JupyterLab¶

JupyterLab is a web-based integrated development environment for Jupyter notebooks, code, and data. JupyterLab is flexible: The user interface can be configured and arranged to support a wide range of workflows in data science, scientific computing, and machine learning.

Several programming language kernels are pre-loaded in the JupyterLab interface.

Initialization¶

For information on how to use the Initialization parameter, please refer to the Initialization: Bash Script, Initialization: Conda Packages, and Initialization: PyPI Packages section of the documentation.

Installing packages¶

Other than installing packages via the Initialization parameter, packages can be installed using the terminal interface available in all the starting modes.

Configure SSH Access¶

The app provides optional support for SSH access from an external client. An SSH public key must be uploaded using the corresponding panel in Resources section of the UCloud side menu.

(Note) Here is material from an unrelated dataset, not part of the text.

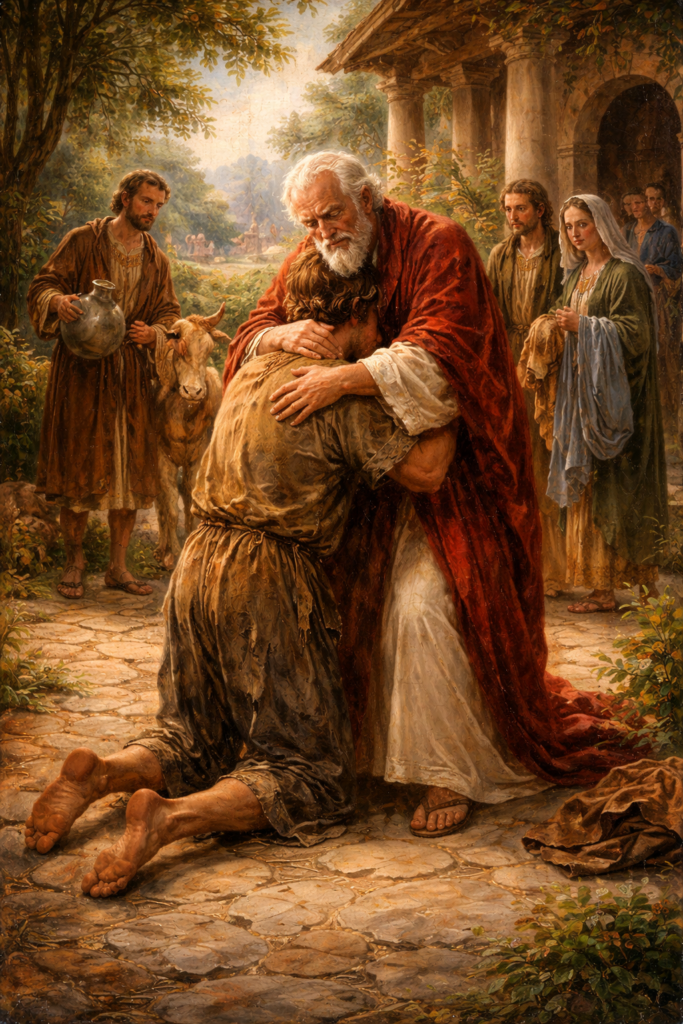 Un père avait deux fils. Le plus jeune lui demanda un jour sa part d’héritage pour partir mener la grande vie. Il partit loin, dilapida tout et finit affamé, obligé de garder des porcs (le fond de l’impureté pour un juif) pour survivre. Alors, il décida de revenir auprès de son père et prépare un discours de repentance. Lorsque le père le vit arriver au loin, il courut à sa rencontre et l’embrassa ; il rendit au fils la robe (la dignité), l’anneau (l’appartenance) et les sandales (la liberté).
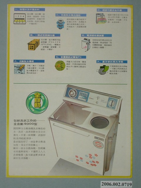 1.本物件為國際牌全能洗衣機廣告單,紙製材質。廣告單主視覺為一女童穿著海軍服樣式服裝與該洗衣機產品。廣告單內容為洗衣機產品的特色。

By checking on Enable SSH server a random port is opened for connection. The connection command is shown in the job progress view page.

Run in Batch Mode¶

The parameter Batch processing is used to execute a Bash script in batch mode.

Note

The job is terminated after the script is executed, independently of the script exit status.

Manage Environments¶

Conda virtual environment¶

The default Conda environment at the startup is called base. The user can create a new environment via the JupyterLab terminal interface:

$ conda create --name myenv

This command will create a basic workspace with the default version of Python installed in the app container. A different version of Python can be specified as follows:

$ conda create --name myenv python="3.9"

By default, new environments are created in the folder: /opt/conda/envs/. The user can change the environment path to a new folder inside /work, so that all the installed packages are exported in the job output folder on UCloud, after the job is completed. An example is shown below:

$ conda create --prefix /work/myenv python="3.9"

Warning

After job completion, the user should move (not copy) myenv from the corresponding job folder to a new path inside a UCloud workspace.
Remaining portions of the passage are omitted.